Le projet pilote d’écotourisme communautaire développé en 2003 par l'Union Européenne
(Programme Sectoriel de Valorisation des Aires Protégées ; PSVAP) dans le Parc National de
Loango, au Gabon, en est un exemple concret, puisque malgré les efforts des porteurs de
projets, et neuf ans après le lancement des activités, on constate aujourd'hui une participation
décroissante de la population locale. Le cas du Parc National de Loango, nous montre que
nous sommes encore loin des objectifs d’implication et d’autonomisation fixés au départ.

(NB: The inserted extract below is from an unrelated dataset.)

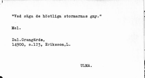 //// ¦ //// "Vad säga de höstliga stormarnas gny,® Mel* //// Dal•Grangärde, //// 14900, s.123, Eriksson,L. //// r ¦ //// TJLMA. j ////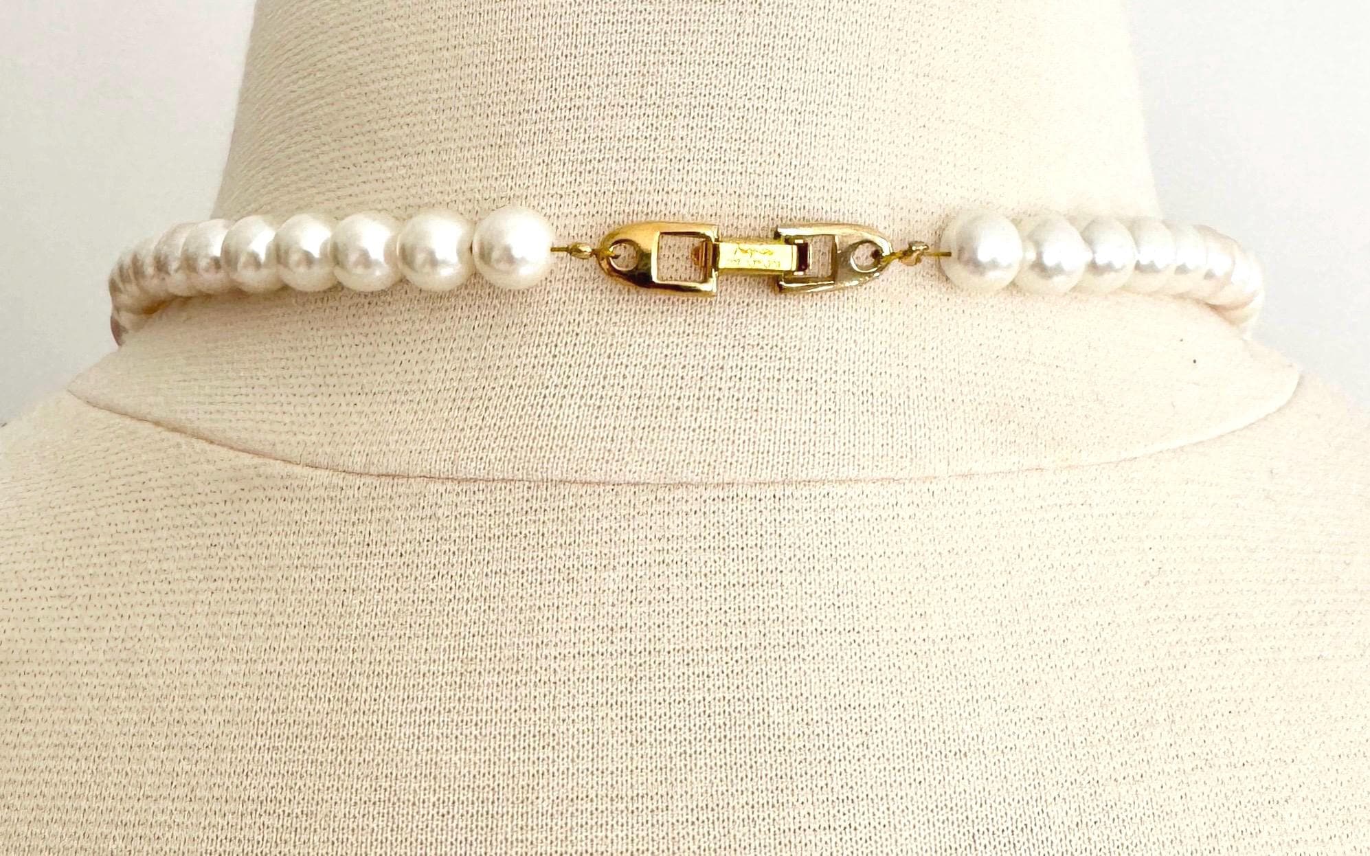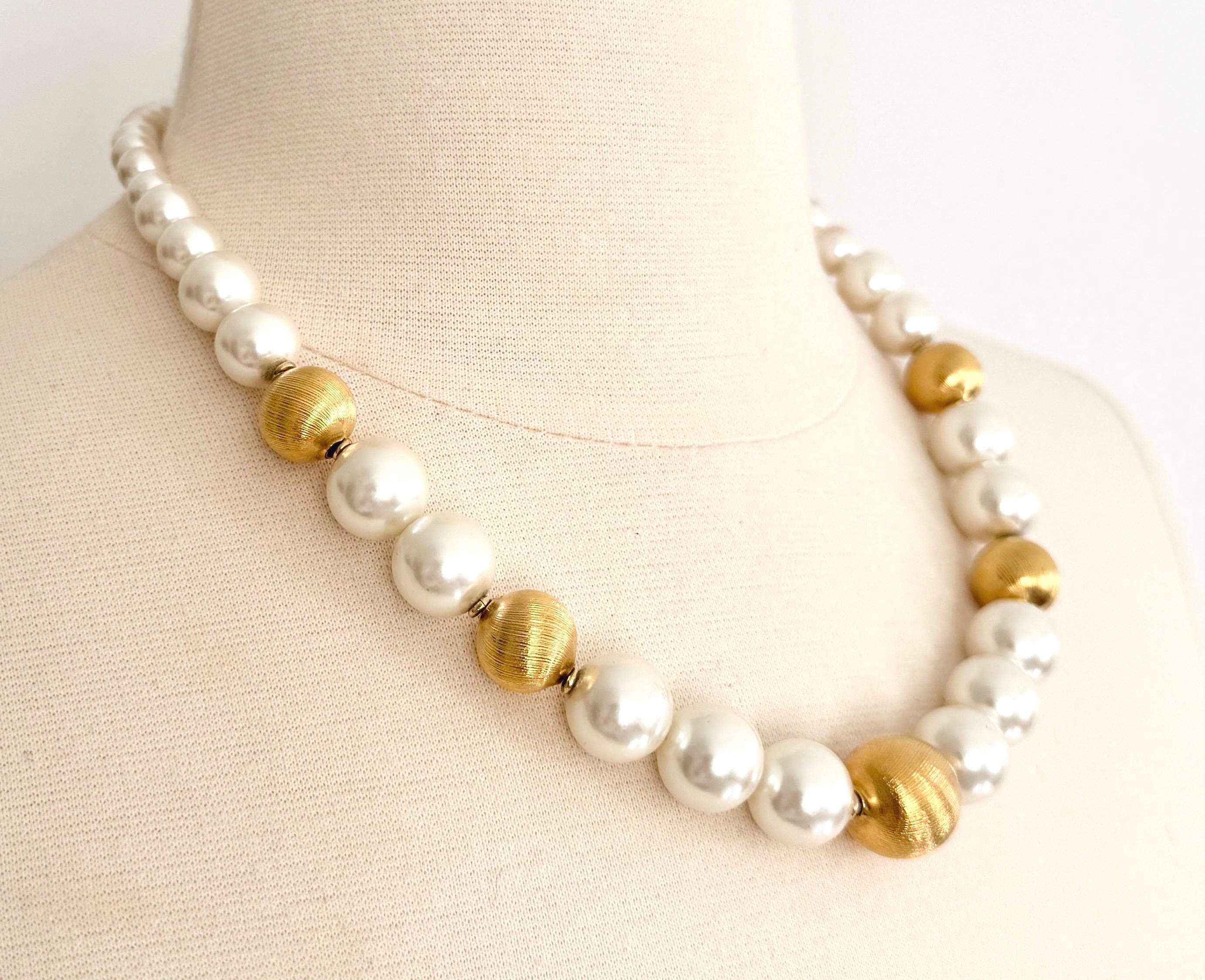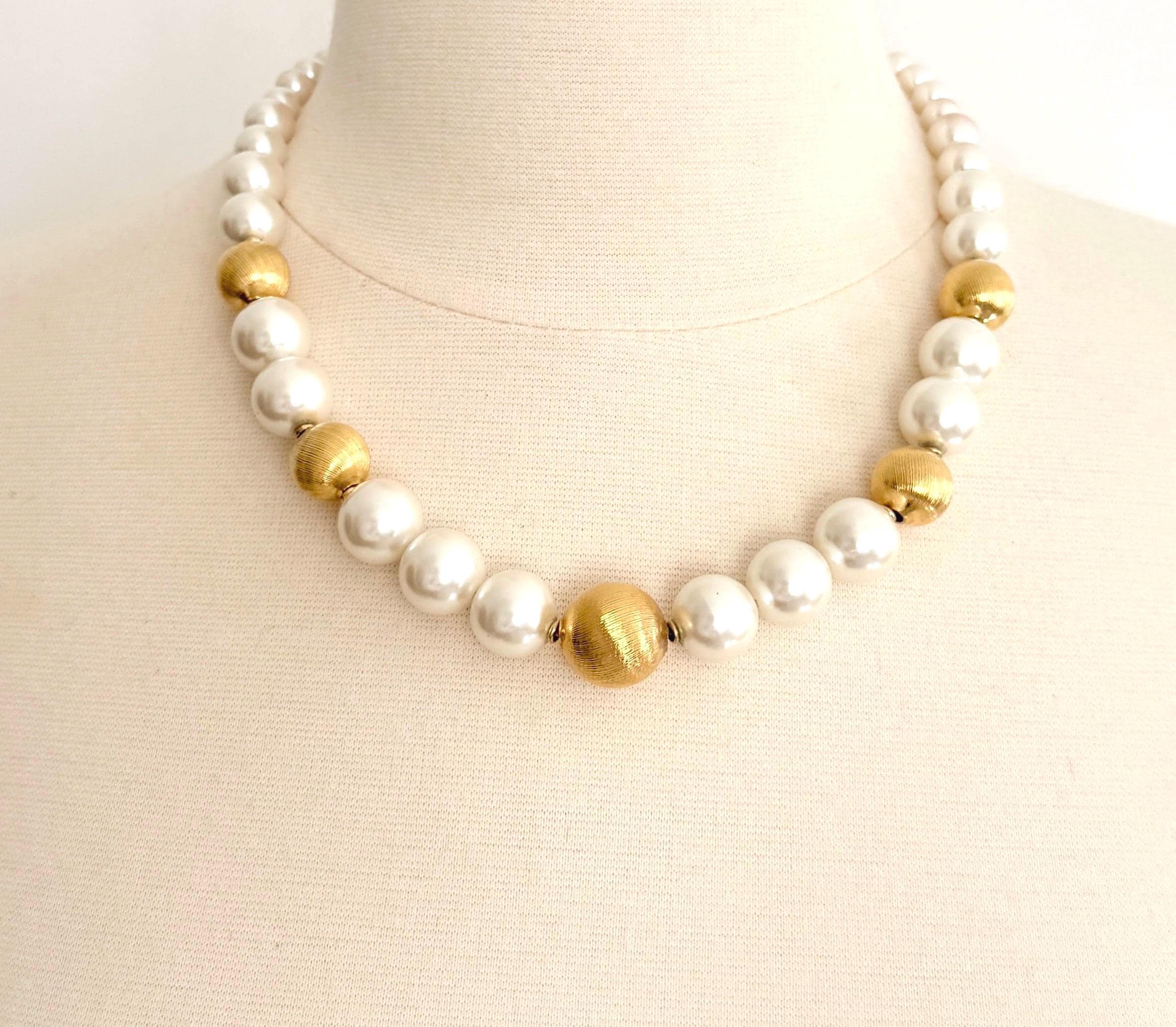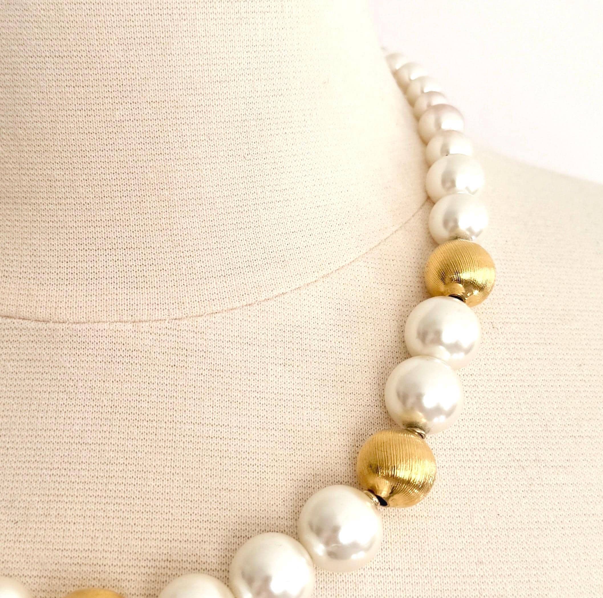 Vintage 80's Napier graduated textured gold and faux pearl beaded necklace

Quels sont les freins à l’appropriation du projet d’écotourisme communautaire par les
populations locales ? Une implication est-elle réellement possible et comment mieux
l’envisager ?
Mots-clés : tourisme communautaire, population locale, gouvernance, participation, aire
protégée, Parc National de Loango.
ABSTRACT
When evaluated, many sustainable tourism projects created in developing countries reveal a
poor outcome in terms of involvement of local people.

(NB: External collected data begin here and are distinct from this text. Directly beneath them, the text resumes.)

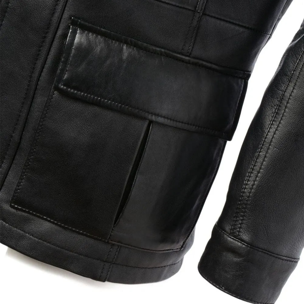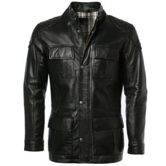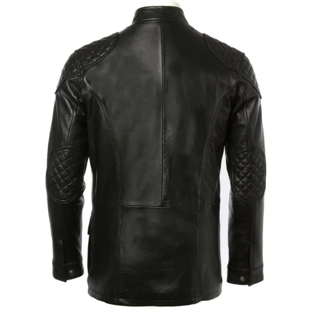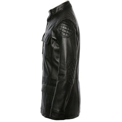 The Charlie London Men Long Length Leather Coat is crafted from premium genuine leather, offering a bold fusion of rugged style and practical comfort. Designed in a classic black finish, it features a zip and snap-button front closure, stand-up collar, and quilted shoulder and elbow patches for added durability. Functional flap chest pockets, side pockets, and an inner pocket provide ample storage. With a long-length silhouette and premium inner lining, this coat is ideal for cooler months. Whether for casual outings, daily wears, this coat delivers timeless edge and reliable warmth.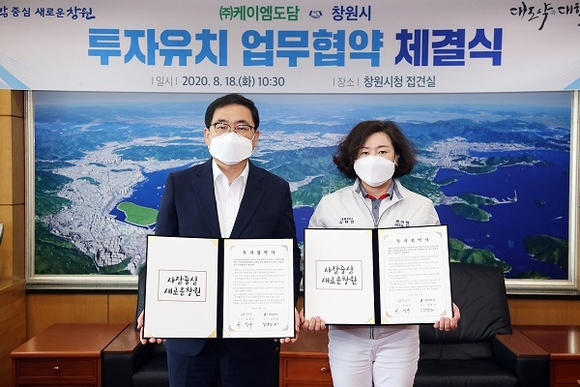 경남 창원시는 18일 보건용·의료용 마스크 제조기업인 ㈜케이엠도담과 총 210억원 투자로 500여명에게 일자리를 제공하는 투자유치 업무협약을 체결했다.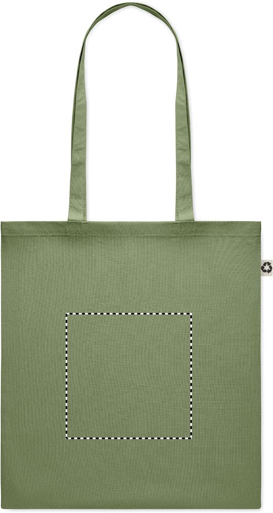 140 gr/m² kierrätetystä puuvillasta valmistettu kassi (65 % kierrätettyä puuvillaa, 35 % tavallista puuvillaa), pitkillä kahvoilla.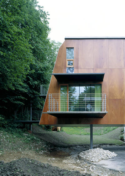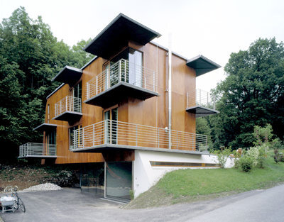Der Bauherr kommt aus einer Tischlerfamilie, betreibt sein Gewerbe mit akribischer Perfektion und wollte einen edlen Holzbau. Im Norden neben dem früheren Haus waren 656 Quadratmeter Grund von komplexer Landschaftsformation frei. An der Straße im Westen ist ein Böschungsstreifen, dahinter fällt das Gelände stark ab, um sich als grüner Rücken südwärts eine Waldlichtung hinaufzuschwingen. Auch den Osten säumt ein Hang, zwischen beiden Hügeln schmiegt sich eine sanfte Mulde talwärts in Nachbars Garten.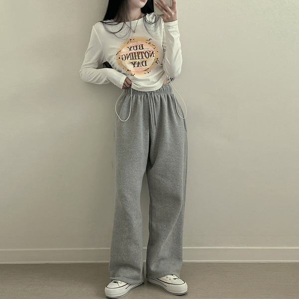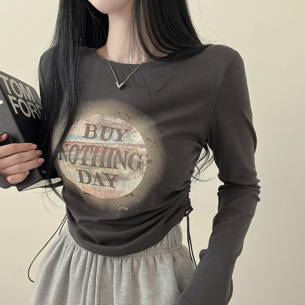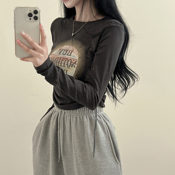 プリントラウンドネックストリング長袖Tシャツ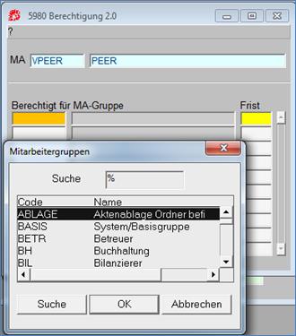 Für welche Mitarbeitergruppe ist der oben angeführte Mitarbeiter berechtigt? Geben Sie hier den Kurzcode der Mitarbeitergruppe ein (mit F8 sehen Sie alle Mitarbeitergruppen). |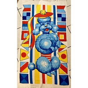 Vintage Caldwell 70's Red Blue Poodle Dog Bath Towel Bathroom Decor 53 x 30.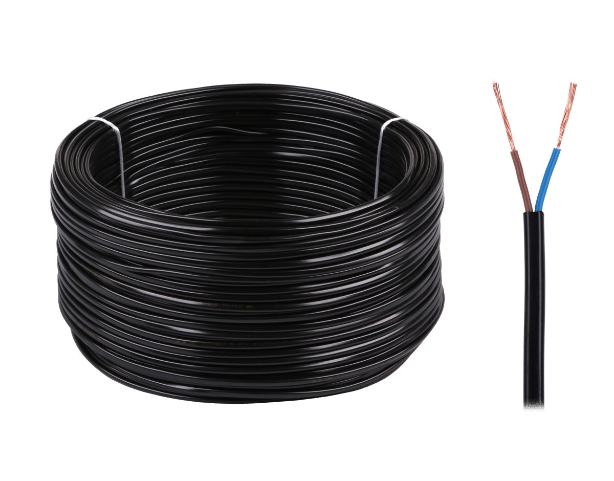 Deze stroomkabel kunt u voor een groot aantal doeleinden gebruiken. De kabel 2-aderig en heeft een lengte van 100 meter. De kabel is van het type H03VVH2-F, wat inhoudt dat de kabel is gemaakt volgens de standaard voor kabels met een spanning van 300 Volt, met PVC isolatie, PVC mantel en flexibele aders. De kabel is zwart en is bedoeld voor gebruik in droge ruimtes.
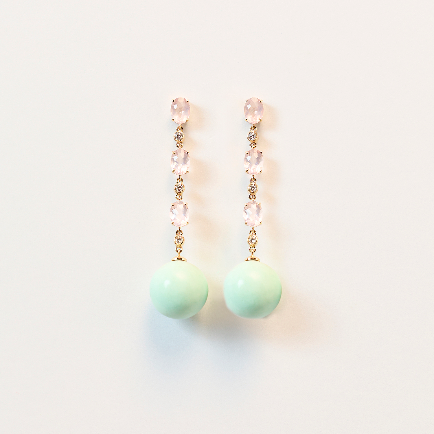 Bonbon Earrings with Rose Quartz, Diamond and Chrysoprase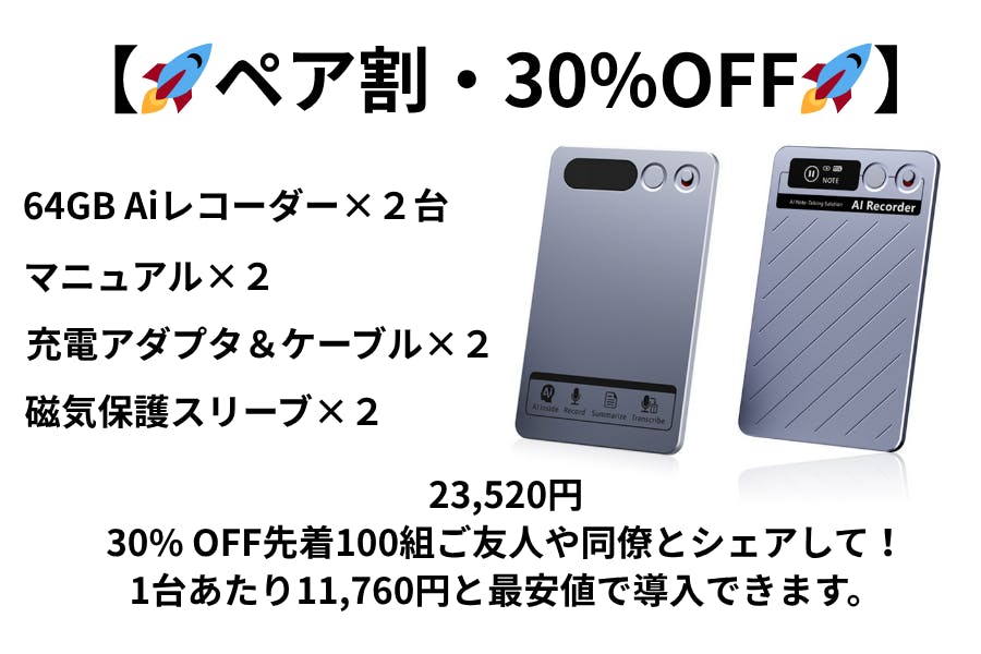 【🚀ペア割・30%OFF🚀】23,520円30% OFF先着100組ご友人や同僚とシェアして!1台あたり11,760円と最安値で導入できます。

The CBT project developed by the European Union in 2003 (Programme Sectoriel de
Valorisation des Aires Protégées ; PSVAP) in the Loango National Park , Gabon, is one
concrete example of this setback. Despite a great deal of effort from the institution, and nine
years after the beginning of the project, we establish decreasing local people participation.
These case points out the remoteness between the original goals and the results obtained.
What curbs local people involvement in Communitary Based Tourism (CBT) projects? How
can we reach a better commitment?
Key words: Communitary Based Tourism, local people, governance, participation, protected
area, Loango National Park.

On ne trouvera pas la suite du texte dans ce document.